Extract a function to generate the split TSV file path.

griffithlab · Dec 1, 2016 · fd3380b · fd3380b
1 parent 935788e
commit fd3380b
Showing 1 changed file with 9 additions and 10 deletions.
diff --git a/pvacseq/lib/pipeline.py b/pvacseq/lib/pipeline.py
@@ -59,6 +59,9 @@ def tsv_file_path(self):
         tsv_file = self.sample_name + '.tsv'
         return os.path.join(self.output_dir, tsv_file)
 
+    def split_tsv_file_path(self, split_start, split_end):
+        return "%s_%d-%d" % (self.tsv_file_path(), split_start, split_end)
+
     def convert_vcf(self):
         status_message("Converting VCF to TSV")
         if os.path.exists(self.tsv_file_path()):
@@ -108,7 +111,7 @@ def split_tsv_file(self, total_row_count):
             if split_end > total_row_count:
                 split_end = total_row_count
             status_message("Splitting TSV into smaller chunks - Entries %d-%d" % (split_start, split_end))

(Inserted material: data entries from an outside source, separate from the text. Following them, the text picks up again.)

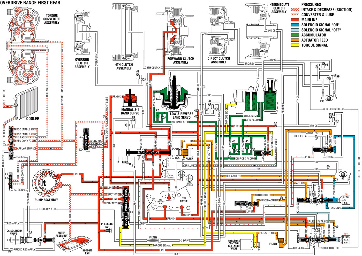 - In the Overdrive range first gear, line pressure from the pressure regulator valve is directed as PRND4, PRND43, and Drive fluid pressures. The PRND4 fluid pressure is directed to the Automatic Transmission Fluid Pressure (TFP) Manual Valve Position Switch Assembly and to the 2-3 shift valve. The PRND43 fluid is directed to the TFP manual valve position switch and to the manual 2-1 band servo. The Drive fluid is directed to the TFP manual valve position switch, the forward clutch, the 1-2 shift valve, and the accumulator valve.
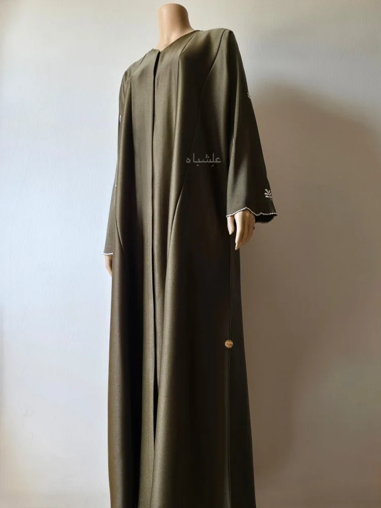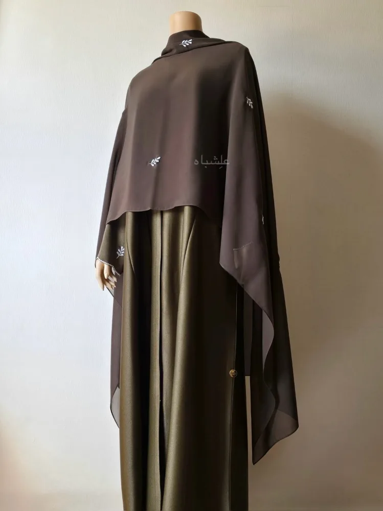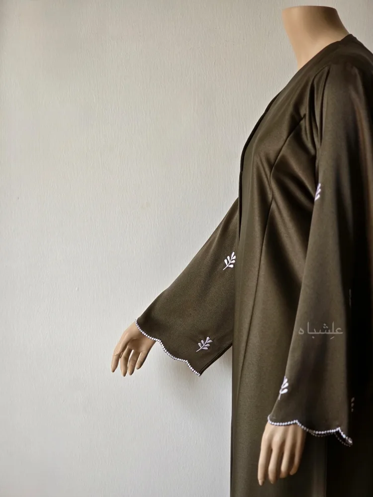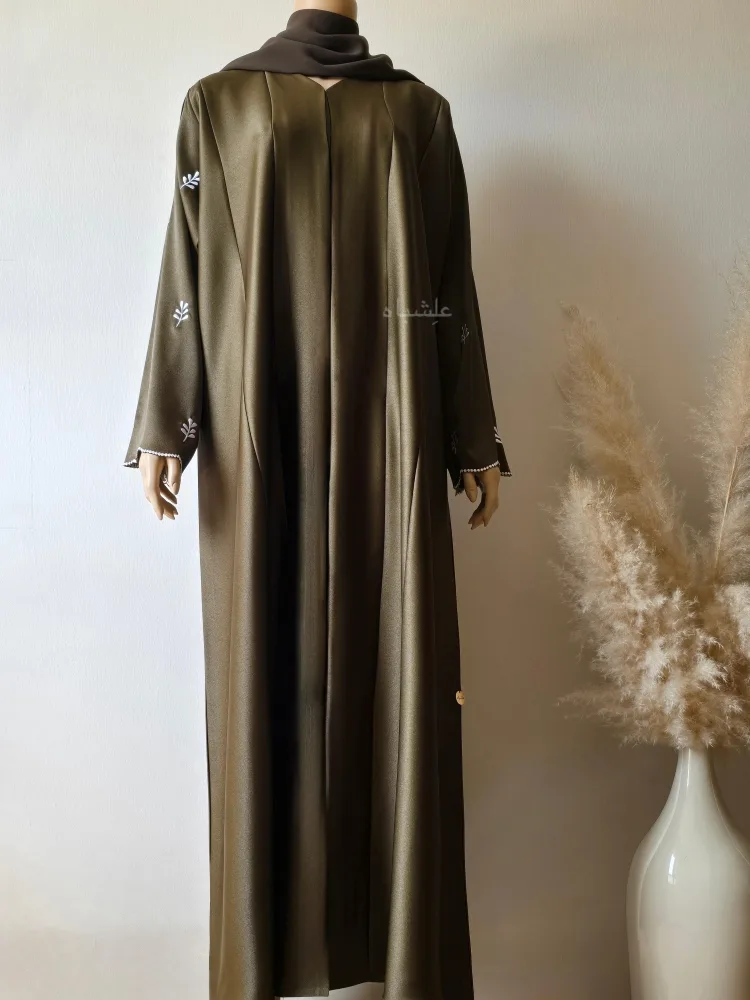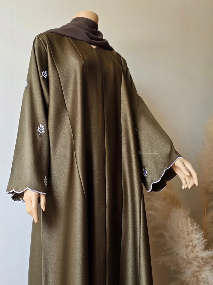 This high quality abaya is more than a garment. Itโs a feeling. The white leaf embroidery on the sleeves gives it a natural, fresh appeal. The soft chiffon sheila mirrors the same motif, creating a complete look that feels both intentional and soulful.
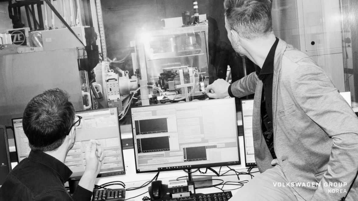 바스티안 하이들러와 코르비니안 베버는 컨트롤 모니터 앞에 앉아, 파워트레인 시험대에 설치된 전기 구동 장치를 바라보고 있습니다.
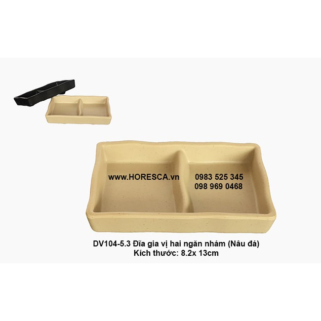 DV104-5.3 Dĩa tương nhám 2 ngăn 5.3" (Nâu Đá)
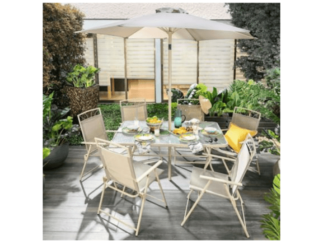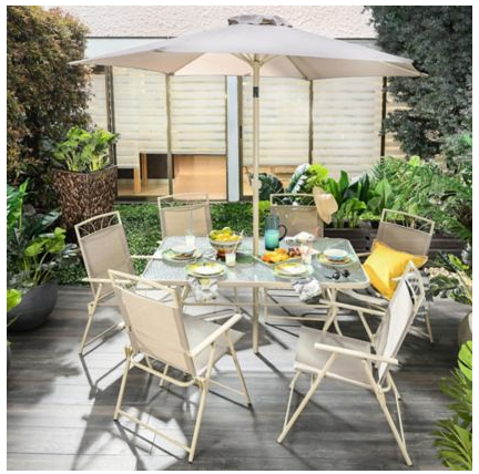 Juego de comedor exterior Santa Lucia de acero 8 piezas taupe. Mesa vidrio y metal 1.45 cm de largo x 0.92 cm de ancho. 6 sillas plegables de textilina y metal. Sombrilla con brazo movible y con roldana.
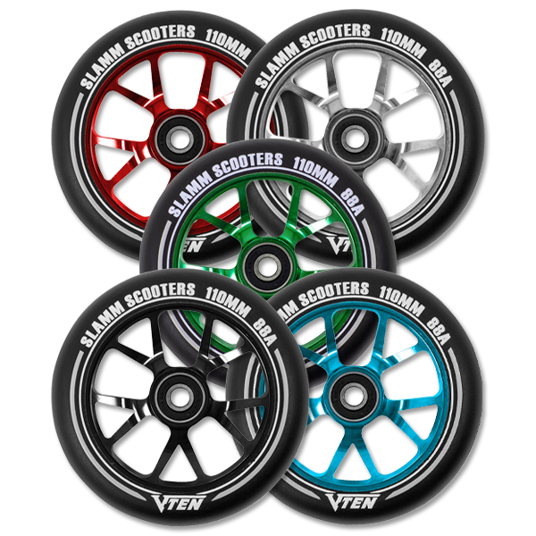 Roți furnizate de Slamm, pentru echipamente performante pentru scutere, compatibile cu majoritatea scuterelor de pe piață. Diametrul standard al roților le oferă o mare versatilitate în ceea ce privește viteza, durabilitatea, greutatea, prețul și stilul. V-ten sunt fabricate folosind o metodă CNC modernă, care adaugă și mai multă stabilitate și netezime rotației în rulmenți.
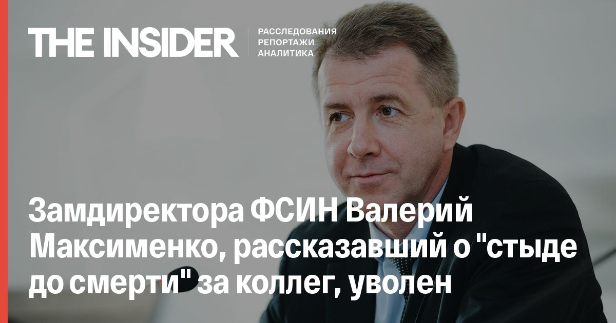 Замдиректора ФСИН Валерий Максименко, рассказавший о "стыде до смерти" за коллег, уволен
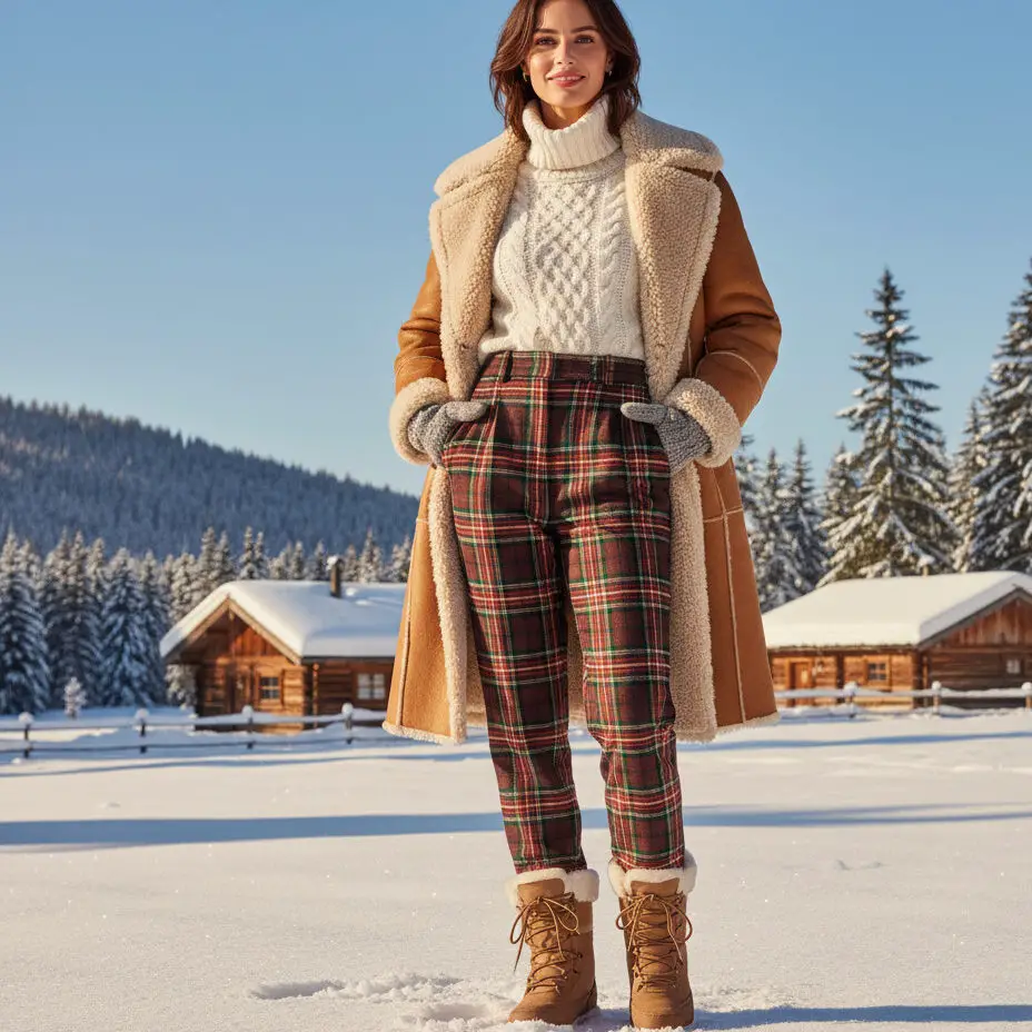 Pair your white turtleneck sweater with plaid trousers and fur-lined boots. Add a shearling coat and knit gloves for fireside comfort with a stylish twist.

-            split_tsv_file_path = "%s_%d-%d" % (self.tsv_file_path(), split_start, split_end)
+            split_tsv_file_path = self.split_tsv_file_path(split_start, split_end)
             chunks.append([split_start, split_end])
             if os.path.exists(split_tsv_file_path):
                 status_message("Split TSV file for Entries %d-%d already exists. Skipping." % (split_start, split_end))
@@ -131,7 +134,7 @@ def split_tsv_file(self, total_row_count):
                     if split_end > total_row_count:
                         split_end = total_row_count
                     status_message("Splitting TSV into smaller chunks - Entries %d-%d" % (split_start, split_end))
-                    split_tsv_file_path = "%s_%d-%d" % (self.tsv_file_path(), split_start, split_end)
+                    split_tsv_file_path = self.split_tsv_file_path(split_start, split_end)
                     chunks.append([split_start, split_end])
                     if os.path.exists(split_tsv_file_path):
                         status_message("Split TSV file for Entries %d-%d already exists. Skipping." % (split_start, split_end))
@@ -307,9 +310,8 @@ def __init__(self, **kwargs):
     def generate_fasta(self, chunks):
         status_message("Generating Variant Peptide FASTA and Key Files")
         for (split_start, split_end) in chunks:
-            tsv_chunk = "%d-%d" % (split_start, split_end)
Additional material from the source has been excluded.